The People’s Bank of China (PBOC) has resorted to the use of a rarely employed policy tool to deal with a recent rise in the renminbi to a three-year high against the US dollar.
On 31 May PBOC announced that starting from 15 June 2021 it would raise the forex reserve ratio for domestic financial institutions by two percentage points to 7% from 5% previously.
The last time that the ratio was adjusted was 14 years ago in 2007, when PBOC lifted the figure to 5% from 4%.
“On this occasion the central bank has not made use of forex risk reserves or other policies tools commonly used in recent years, but has instead employed the forex deposit reserve ratio – a tool which has been rarely used in the past,” said Guan Tao (管涛), global chief economist with BOC International, to Securities Journal.
“This indicates that the central bank still has many tools in its toolkit, and has ample space to choose freely.”
PBOC said that the move was intended to “strengthen the management of forex liquidity amongst financial institutions,” as well as to stabilise the exchange rate and contain an excessively rapid rise in the renminbi against the US dollar.

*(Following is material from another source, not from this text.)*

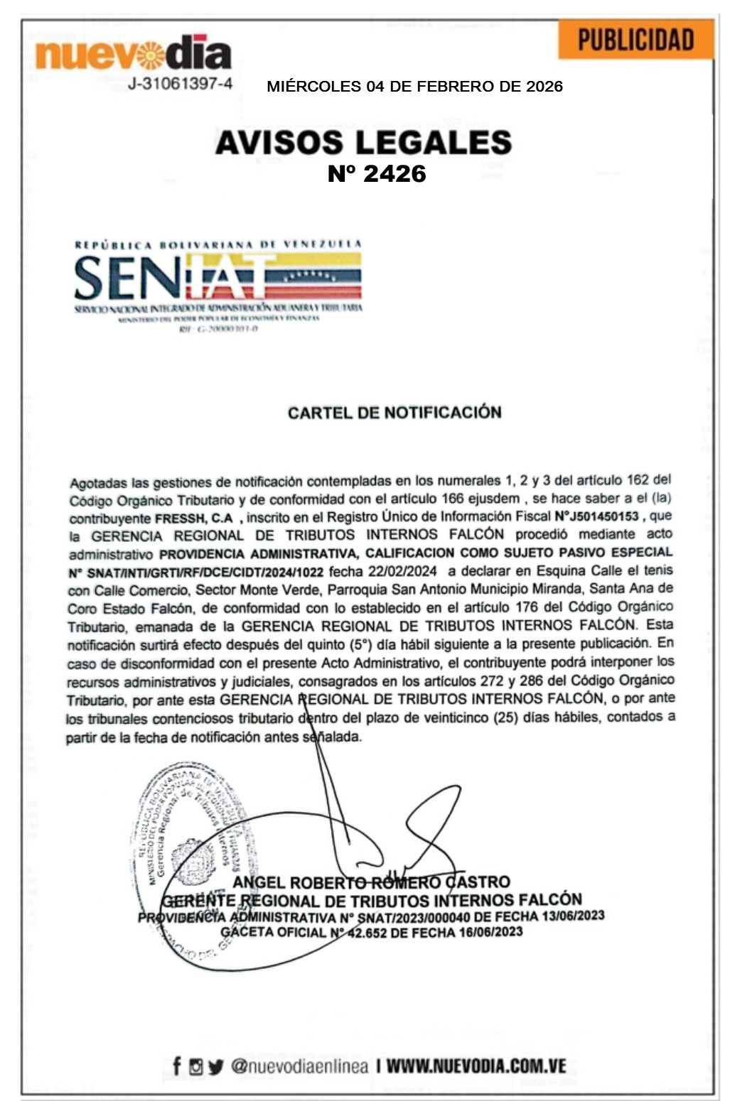 InicioPublicidadLegales PublicidadLegales Cartel de Notificación.Fressh.C.A. 04/02/2026 FacebookTwitterPinterestWhatsApp 2426. 04-02-2026 Cuota FacebookTwitterPinterestWhatsApp Artículo anteriorCartel de Notificación.Inversiones y Suministros CZ 2020.C.A.Artículo siguienteCartel de Notificación.Transcui.C.A. Mercadeo NuevoDia Noticias Relacionadas Legales Cartel de Notificación.Procesadora y Distribuidora Medina González.C.A. Legales Cartel de Notificación.Marbiel Antonio Toyo Hernández(Inversiones M.M. de Marbiel Toyo Hernández). Legales Cartel de Notificación.Inversiones Clam.C.A. Redes Sociales20,299FansMe gusta112,425SeguidoresSeguir4,600SuscriptoresSuscribirte Últimas noticias Destacadas Extraoficial | Alex Saab y Raúl Gorrín habrían sido detenidos este 4-Feb Destacadas CEV espera un debate inclusivo de la Ley de Amnistía Cargar más

Last Friday the renminbi rose against the US dollar to 6.3858, hitting its highest level since May 2018.
Guan Tao said that the move by the Chinese central bank sent two clear signals to the market concerning the renminbi exchange rate.
“The first is that the central bank will not allow the renminbi to appreciate too quickly, and when required will take resolute action,” said Guan.
“The renminbi has already risen considerably against the dollar since the end of May last year, and continued appreciation could cause the value of the renminbi to diverge from fundamentals.
“The pandemic’s impact on China’s economy has yet to disappear completely, and continued large-scale appreciation could have a sizeable, negative effect upon exporting enterprises.
“The second [signal] is that when the central bank acts it will do so vigorously.
“In the past when the central bank has adjusted the renminbi reserve ratio it has normally been by 0.5 percentage points on each occasion, so the current upward adjustment in the forex reserve ratio of two percentage points is obviously larger than the scale of adjustments in the renminbi reserve ratio, clearly evidencing the central bank’s resolve.”